:: What to do ::
When a line contains the string "high", it counts once; give the total of such lines in the entries below and nothing else.

:: The records ::
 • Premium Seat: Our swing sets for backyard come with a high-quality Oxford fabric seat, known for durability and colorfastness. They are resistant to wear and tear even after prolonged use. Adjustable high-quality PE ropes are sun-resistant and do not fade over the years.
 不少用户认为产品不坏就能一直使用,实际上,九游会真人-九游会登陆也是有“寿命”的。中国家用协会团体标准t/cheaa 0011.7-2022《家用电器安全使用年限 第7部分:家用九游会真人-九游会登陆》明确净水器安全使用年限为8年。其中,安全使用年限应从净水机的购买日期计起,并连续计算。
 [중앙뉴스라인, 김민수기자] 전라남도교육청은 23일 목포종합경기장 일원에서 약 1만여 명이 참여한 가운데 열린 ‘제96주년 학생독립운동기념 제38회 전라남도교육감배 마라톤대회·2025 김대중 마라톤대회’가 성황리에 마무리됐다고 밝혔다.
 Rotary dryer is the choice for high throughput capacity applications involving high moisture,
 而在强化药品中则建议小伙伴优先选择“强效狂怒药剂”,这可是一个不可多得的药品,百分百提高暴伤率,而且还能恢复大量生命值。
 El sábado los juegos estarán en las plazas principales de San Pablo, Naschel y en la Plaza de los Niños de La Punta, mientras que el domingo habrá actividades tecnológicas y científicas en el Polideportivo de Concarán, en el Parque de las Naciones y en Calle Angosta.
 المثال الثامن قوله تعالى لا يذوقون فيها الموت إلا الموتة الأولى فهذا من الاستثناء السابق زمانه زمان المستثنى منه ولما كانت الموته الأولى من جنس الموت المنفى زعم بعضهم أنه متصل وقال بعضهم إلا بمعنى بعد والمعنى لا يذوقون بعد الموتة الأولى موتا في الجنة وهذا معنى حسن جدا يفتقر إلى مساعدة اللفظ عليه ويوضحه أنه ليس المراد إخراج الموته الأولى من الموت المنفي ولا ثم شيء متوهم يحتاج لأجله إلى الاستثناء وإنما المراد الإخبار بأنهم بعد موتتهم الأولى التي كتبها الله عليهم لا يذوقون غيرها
...
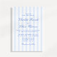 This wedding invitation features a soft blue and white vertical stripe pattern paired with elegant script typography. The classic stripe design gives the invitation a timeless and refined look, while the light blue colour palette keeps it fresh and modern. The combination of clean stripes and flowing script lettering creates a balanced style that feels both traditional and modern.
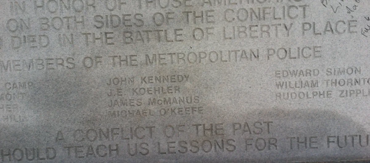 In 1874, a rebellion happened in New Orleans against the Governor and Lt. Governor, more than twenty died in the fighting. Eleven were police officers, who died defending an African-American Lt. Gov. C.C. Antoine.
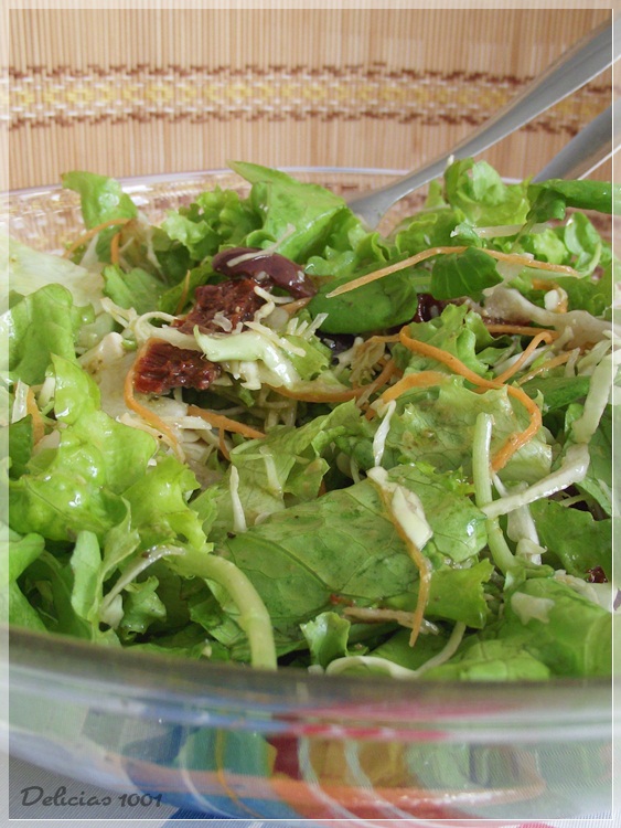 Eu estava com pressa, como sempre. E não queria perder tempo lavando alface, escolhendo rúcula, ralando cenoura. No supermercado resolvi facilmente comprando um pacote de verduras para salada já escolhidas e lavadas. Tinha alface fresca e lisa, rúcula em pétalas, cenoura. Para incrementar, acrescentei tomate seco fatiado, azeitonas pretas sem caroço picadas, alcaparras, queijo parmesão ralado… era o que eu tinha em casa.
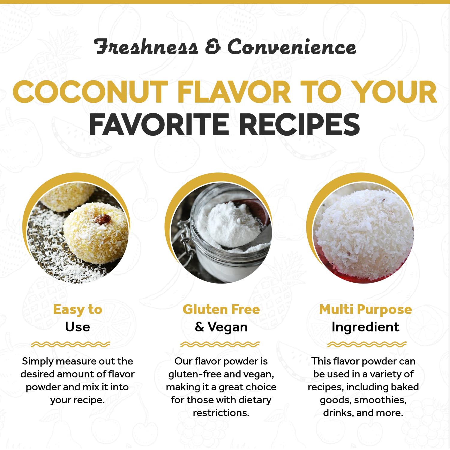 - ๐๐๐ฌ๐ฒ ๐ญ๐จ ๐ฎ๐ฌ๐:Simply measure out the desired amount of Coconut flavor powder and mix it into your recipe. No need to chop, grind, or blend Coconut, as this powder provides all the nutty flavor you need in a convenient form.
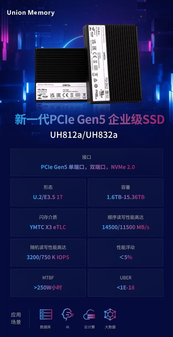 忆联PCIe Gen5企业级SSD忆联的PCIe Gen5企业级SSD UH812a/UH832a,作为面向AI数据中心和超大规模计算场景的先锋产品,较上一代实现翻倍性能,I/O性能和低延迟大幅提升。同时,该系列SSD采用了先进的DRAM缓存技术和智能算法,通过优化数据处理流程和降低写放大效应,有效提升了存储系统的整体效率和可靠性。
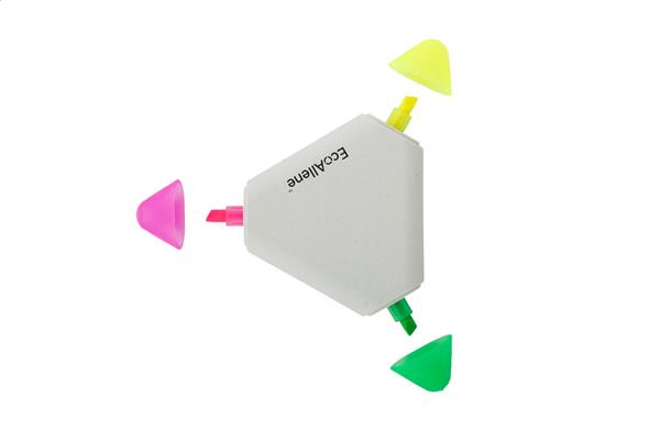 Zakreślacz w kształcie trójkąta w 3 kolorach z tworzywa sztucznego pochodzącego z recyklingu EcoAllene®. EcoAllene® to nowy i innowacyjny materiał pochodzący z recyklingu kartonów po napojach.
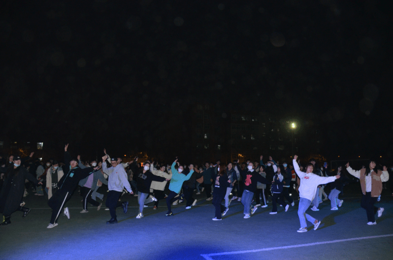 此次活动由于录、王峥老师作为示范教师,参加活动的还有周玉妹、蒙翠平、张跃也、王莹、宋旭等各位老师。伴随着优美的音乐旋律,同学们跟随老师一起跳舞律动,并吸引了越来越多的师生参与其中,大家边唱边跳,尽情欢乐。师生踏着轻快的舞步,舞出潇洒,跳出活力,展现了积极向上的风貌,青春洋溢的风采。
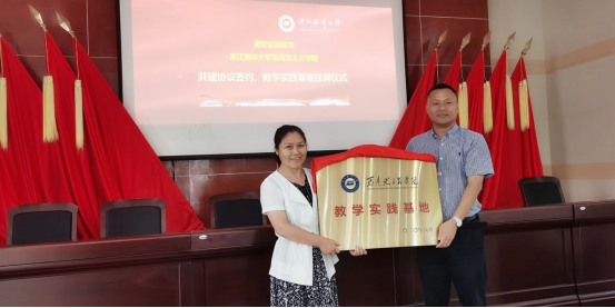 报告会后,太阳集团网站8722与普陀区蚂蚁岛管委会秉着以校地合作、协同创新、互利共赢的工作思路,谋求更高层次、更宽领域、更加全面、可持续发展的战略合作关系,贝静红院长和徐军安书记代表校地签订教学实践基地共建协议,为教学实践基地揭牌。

:: Answer section ::
2